Generating Functions


Now that we've defined what types of "harder" recursions we can encounter, let's move on to the main topic, which is solving them using generating functions.

A generating function for a recurrence $R(n)$ is a formal power series $\sum_{i=0}^{\infty}{c_n z^n}$ where the $n$-th coefficient $c_n$ is equal to the $n$-th recurrence value $R(n)$ for every value of $n$. Technically, I have defined an ordinary generating function (OGF); there are other types such as exponential and Poisson generating functions which are easier to apply in different situations, but they all have the same idea of the $n$-th coefficient's coinciding with the $n$-th thing that we are looking for. I'm only going to talk about OGF's in this post.

In the definition above, I mentioned a formal power series. What this is is a power series where we don't care at all about whether it converges or, if so, for which values of $z$. Basically, we are just going to use the $z$'s as a tool to help keep track of our coefficients $c_n$ without any regard for the convergence properties of the series.

To add and subtract two formal power series, we just add/subtract the coefficients of the terms with the same power of $z$, and to multiply them, we use the distributive property- basically, all the same way that we would do it for a regular power series. The same applies to taking derivatives and integrals of the series.

To show how to use OGF's to solve a recursion, let's take as an example the following linear, homogeneous recursion of degree 2: $$
g_n = 5g_{n-1} - 6g_{n-2} \\
g_0 = 1, g_1 = 2
$$ What we need to do is find a function $G(z)$ which has a power series whose $n$-th coefficient is equal to $g_n$.

Here's how it's done.
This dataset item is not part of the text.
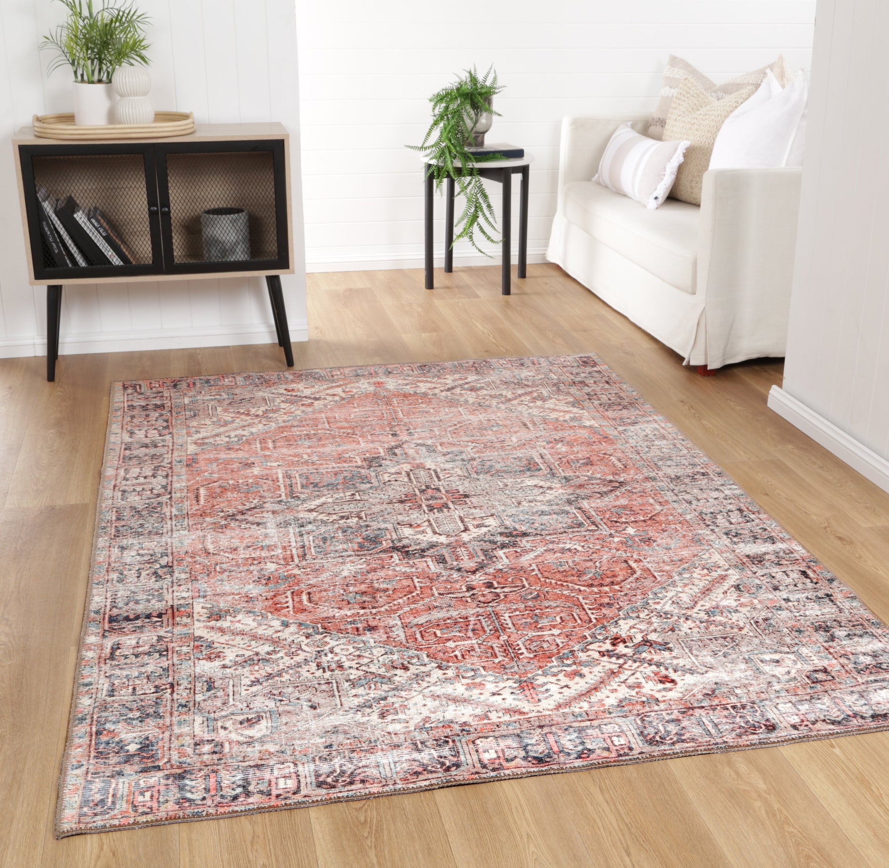 Traditional Turkish Design Machine Washable Rust And Beige Rug

We'll multiply both sides of the recursion equation by $z_n$, sum them from $n = 2$ to $n = \infty$ (starting at 2 because the the recursion formula starts at $n=2$, with $g_0$ and $g_1$ given), and then get an algebraic expression in terms of $G(z)$. Heeeeeeeeeere we go:$$
\begin{align}
g_n &= 5g_{n-1} - 6g_{n-2} \\[3mm]

g_n z^n &= 5g_{n-1}z^n - 6g_{n-2}z^n \\[3mm]
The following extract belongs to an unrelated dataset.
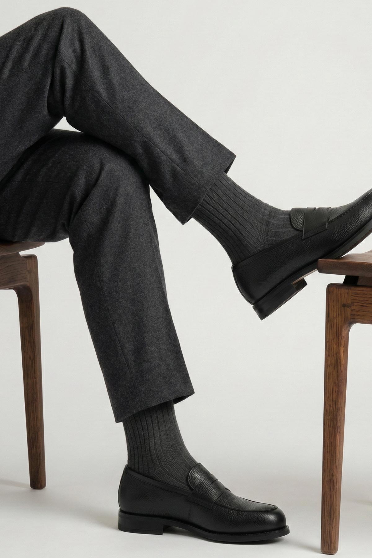 Ribbed Cotton Strømper, Charcoal, 43-46

\sum_{n=2}^{\infty}{g_n z^n} &=
\sum_{n=2}^{\infty}{5g_{n-1}z^n} - \sum_{n=2}^{\infty}{6g_{n-2}z^n} \\[3mm]

\sum_{n=2}^{\infty}{g_n z^n} &=
5z \left( \sum_{n=2}^{\infty}{g_{n-1}z^{n-1}} \right) -
6z^2 \left( \sum_{n=2}^{\infty}{g_{n-2}z^{n-2}} \right) \\[3mm]

\sum_{n=0}^{\infty}{g_n z^n} - g_1 z - g_0 &=
5z \left( \sum_{n=1}^{\infty}{g_{n-1}z^{n-1}} - g_0 \right) -
6z^2 \left( \sum_{n=2}^{\infty}{g_{n-2}z^{n-2}} \right) \\[3mm]

G(z) - g_1 z - g_0 &=
5z \left( G(z) - g_0 \right) -
6z^2 \left( G(z) \right) \\[3mm]

G(z) (1 - 5z + 6z^2) &= g_1z + g_0 - 5g_0 z \\[3mm]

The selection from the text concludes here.